Phancy Group Co., Ltd.
- Trade name: 4Paradigm
- Native name: 北京第四范式智能技术股份有限公司
- Type: Public
- Traded as: SEHK: 6682
- Industry: Artificial intelligence
- Founded: 17 September 2014; 11 years ago
- Founders: Dai Wenyuan Yang Qiang
- Headquarters: Beijing, China
- Key people: Dai Wenyuan (Chairman & CEO)
- Revenue: CN¥4.20 billion (2023)
- Net income: CN¥−9.21 million (2023)
- Total assets: CN¥7.15 billion (2023)
- Total equity: CN¥5.45 billion (2023)
- Number of employees: 1,801 (2023)
- Website: www.4paradigm.com

= 4Paradigm =

Chinese AI company

Phancy Group Co., Ltd. doing business as 4Paradigm (Dìsì Fànshì (第四范式)) is a Chinese company publicly listed in Hong Kong that focuses on providing artificial intelligence (AI) tools and applications in China.

== Background ==
4Paradigm was founded in 2014 by several former employees of Huawei's AI division. Dai Wenyuan who was one of the main co-founders and the current CEO was featured in the Innovators Under 35 list from MIT Technology Review. He was part of Shanghai Jiao Tong University's team that won the International Collegiate Programming Contest world championship in 2005 and as of 2017 had the third most cited paper in the field of transfer learning.

According to Dai, 4Paradigm was founded to eliminate the technical barrier for those looking to apply AI technology. It provides its clients a suite of software tools that let them run complex algorithms without needing to rely on specialists.
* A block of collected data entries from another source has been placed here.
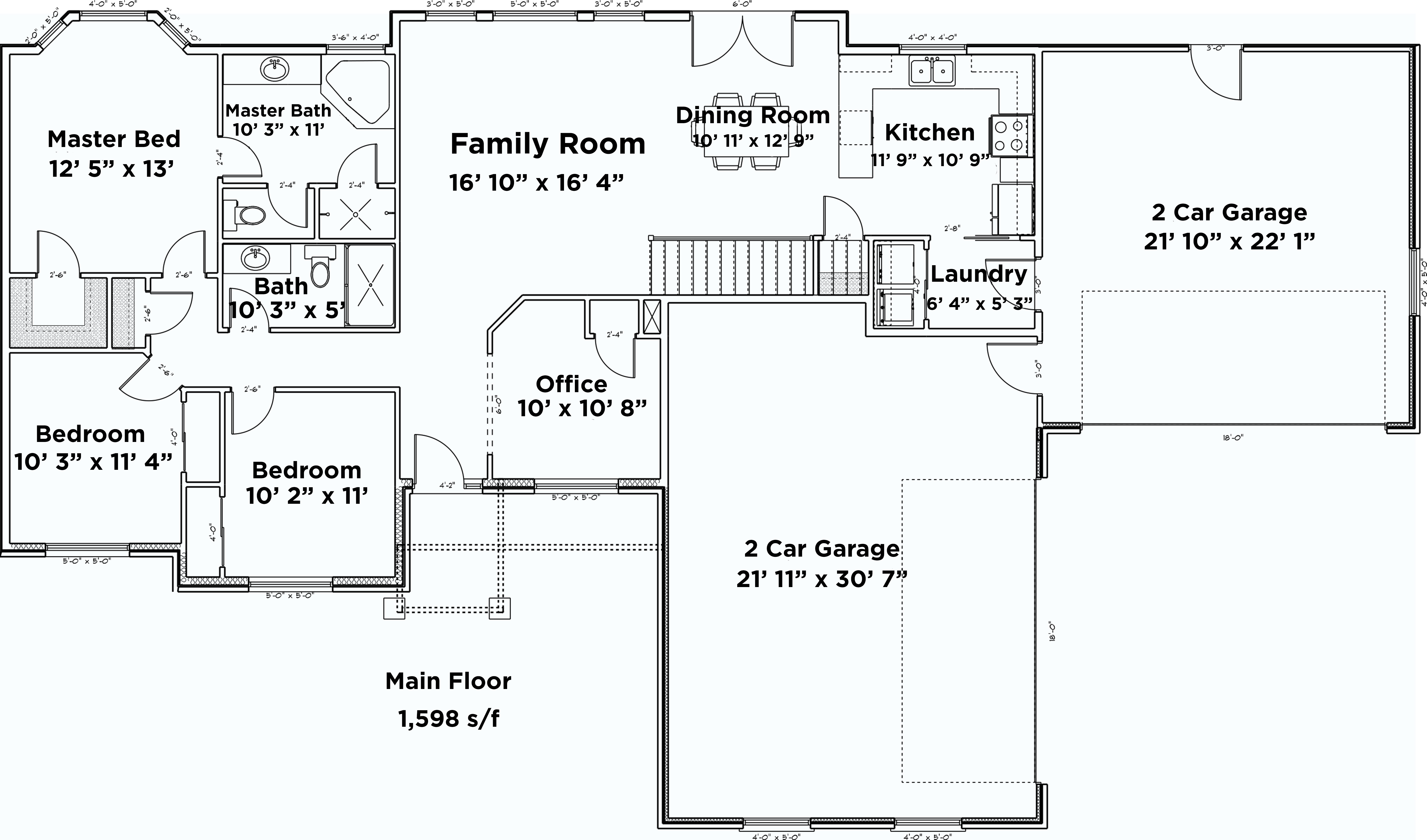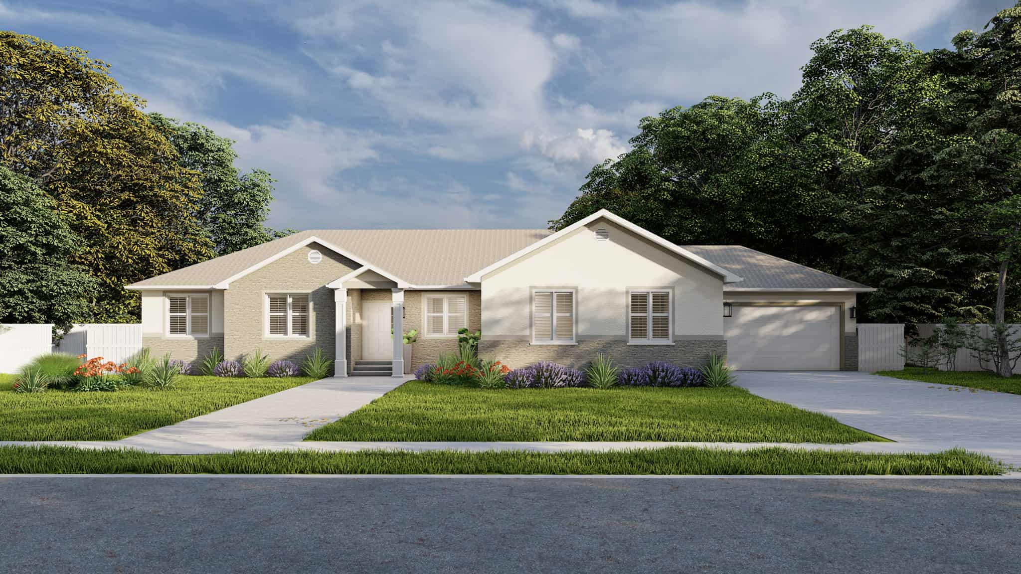 This well-done Craftsman-style country home has 1595 square feet of above grade living space. With the optional finished basement, there are a total of 3134 square feet of conditioned living space if you complete the lower level according to the floor plan. The one story home includes 3–6 bedrooms and 2–3 bathrooms.
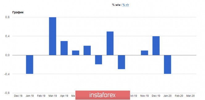 En cuanto al gasto del consumidor en Francia en febrero de este año, disminuyó un 0.1% en comparación con marzo y cayó un 0.6% en comparación con el mismo período en 2019. Aunque se pronostica que el crecimiento del gasto será de 0.7% y 0.5%, respectivamente. Una caída tan fuerte en el indicador solo puede indicar que en marzo podemos esperar una mayor reducción en el gasto del consumidor debido al fortalecimiento de la pandemia de coronavirus. En cuanto a la inflación, según el informe, el índice preliminar de precios al consumidor (IPC) en Francia en marzo de 2020 se mantuvo sin cambios en comparación con febrero y aumentó solo un 0,6% interanual. El índice se pronosticó en 0.3% y 0.9%, respectivamente. El índice de precios al consumidor armonizado preliminar para las normas de la UE aumentó un 0,7% anual en marzo después de aumentar un 1,6% en febrero.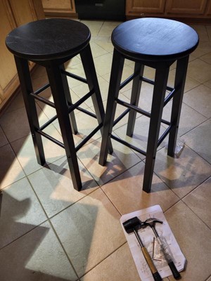 [This review was collected as part of a promotion.] I’ve been using my bar stools for about a month now and I love them. These are two 29 inch round bar stools. The stools are black in color and modern. The stools go great with my decor and I love them. The stools were very easy to assemble and came with easy to read instructions.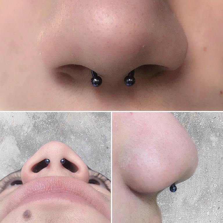 Dvojitý piercing v nose je pro mě vzpomínkou na celý život. Po piercingu jsem musela podstoupit spoustu procedur a dokonce i operaci, nosní přepážka byla velmi poškozená, protože umělec provedl piercing na mou žádost. Něco se pokazilo a nakonec jsem byl 6 měsíců mimo provoz.

For example, it provides tools for banks to perform analysis such as identifying customers and detecting fraud. It also has made its owns chips that could process its algorithms which are offered as part of its packages to clients.

Investors of 4Paradigm include Goldmans Sachs, Sequoia Capital, Sinovation Ventures, Cisco and Lenovo. Later investors included Chinese banks that were significant clients of 4Paradigm.

From 2015 to 2017, 4Paradigm expanded into Chinese banking sector with more than half of the top 20 banks adopting its tools. It benefited from the Chinese government's deleveraging campaign as well as growing popularity of online payments by companies such as Alibaba and Tencent.

4Paradigm tools has also been used in the medial and antique industries. In September 2018, 4Paradigm and Ruijin Hospital developed a tool named Ruining Zhitang which could assess the risk of diabetes in real time.

By December 2018, 4Paradigm had reached a valuation over US$1 billion and acquired unicorn status.

In April 2023, 4Paradigm announced it had launched Shishuo, an enterprise level product that follows ChatGPT.

4Paradigm had applied for an initial public offering (IPO) in Hong Kong but had failed three times before. One of the major concerns was US Sanctions. On 28 September 2023, 4Paradigm completed its IPO and became a publicly listed company on the Hong Kong Stock Exchange. It raised HKD 1.02 billion (US$130 million).

== US Sanctions ==

On 16 December 2021, 4Paradigm was profiled by The Washington Post as an entity of concern by the Biden Administration. The Center for Security and Emerging Technology of Georgetown University stated in its report that 4Paradigm did not publicly announce it had a contract with the People's Liberation Army (PLA) Armored Forces Academy. The contract appeared on a PLA procurement database which was publicly accessible until 2021. The contact was for "battalion command decision-making and human-machine teaming software". There were concerns that US investors were funding companies that had Chinese military or surveillance ties. 4Paradigm stated in response that its products are "designed and intended only for civilian uses" and it didn't have a license for military provisions.

In March 2023, 4Paradigm was added to the Bureau of Industry and Security Entity List.